Hartzog’s other control, transaction costs, goes into making it more expensive for organization to commit privacy violations. One prominent example of legislation that increases transaction costs is the US TPCA which bans robocalls. Robocalling technology significantly decreases the cost of calling thousands or millions of households. The TCPA doesn’t ban solicitation, but it significantly increases the costs to solicitors by requiring a paid human caller to make the call. In this way, it reduces the incidents of intrusion. Similarly, the GDPR’s ban on automated decision making increases the transaction costs by requiring human intervention. This significantly reduces the scale and speed at which a company can commit privacy violations and the size of the population affected. Many would counter, and in fact many commenters on any legislative proposal, are concerned about the effect on innovation and small companies. True, that increasing transaction costs, in the way that the TCPA does, will increase costs for small firms. That is, after all, the purpose of increasing transaction costs, but the counter-argument is do you want a two-person firm in a garage somewhere adversely affecting the privacy of millions of individuals? Would you want a small firm without any engineers thinking about safety building a bridge over which thousands of commuters traveled daily? One could argue the same for Facebook, they’ve made it so efficient to connect billions of individuals they simply don’t have the resources to deal with the scale of the problems they’ve created.

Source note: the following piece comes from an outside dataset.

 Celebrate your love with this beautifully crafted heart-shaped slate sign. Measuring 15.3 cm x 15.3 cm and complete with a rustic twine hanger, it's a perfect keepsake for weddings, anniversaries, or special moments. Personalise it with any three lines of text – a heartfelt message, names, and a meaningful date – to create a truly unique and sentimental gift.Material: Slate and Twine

The one area where I agree with the Intel proposal is about FTC enforcement. As our de-facto privacy enforcer it already has institutional knowledge to build on, but their enforcement needs real teeth not ineffectual consent decrees. When companies analyze compliance risk if the impact of non-compliance is cost comparable to the cost of compliance, the they are incentivized to reduce the likelihood of getting caught, not actually get in compliance with the regulation. The fine (impact) multiplied by the likelihood of getting fined must exceed the cost of compliance to drive compliance. This is what, at least in theory, the GDPR 4% seeks to accomplish. Criminal sanctions on individual actors, if enforced, may have similar results.

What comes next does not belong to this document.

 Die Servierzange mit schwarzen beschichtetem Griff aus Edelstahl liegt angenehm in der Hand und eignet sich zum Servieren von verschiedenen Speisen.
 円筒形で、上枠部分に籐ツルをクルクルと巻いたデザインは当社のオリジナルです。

There are other problems with the FIPPs. They mandate controls without grounding in the ultimate effectiveness of those controls. I can easily technically comply with the FIPPs without manifesting improving privacy. Mandating transparency (openness in the Intel proposal) without judicial ability to consider the entirety of the user experience and expectation only yields lengthy privacy notices. Even shortened notices provide less than information about what’s going on than user’s reliance on the interactions with the company.

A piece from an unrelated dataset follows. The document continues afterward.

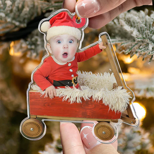 Custom Baby Face - Red Wagon - Personalized Acrylic Photo Ornament
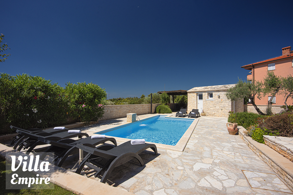Swimming Pool – Villa Sunshine’s private swimming pool is located at the back side. A small fountains add the fun element. A small lawn and garden surrounds the pool. Take a dip in the water or relax on a sunbed, while reading a book or sipping a drink.

In high school, I participated in a mock constitution exercise where we were supposed to develop a new constitution for a new society. Unfortunately, we failed and lost the competition. Our new constitution was merely the US Constitution with a few extra amendments. As others have said we don’t need GDPR-light, we need something unique to the US. I don’t claim Hartzog’s model is the total solution, but rather than looking at the FIPPs, Intel and others proposing legislation should be looking forward for solutions for the future, not the past.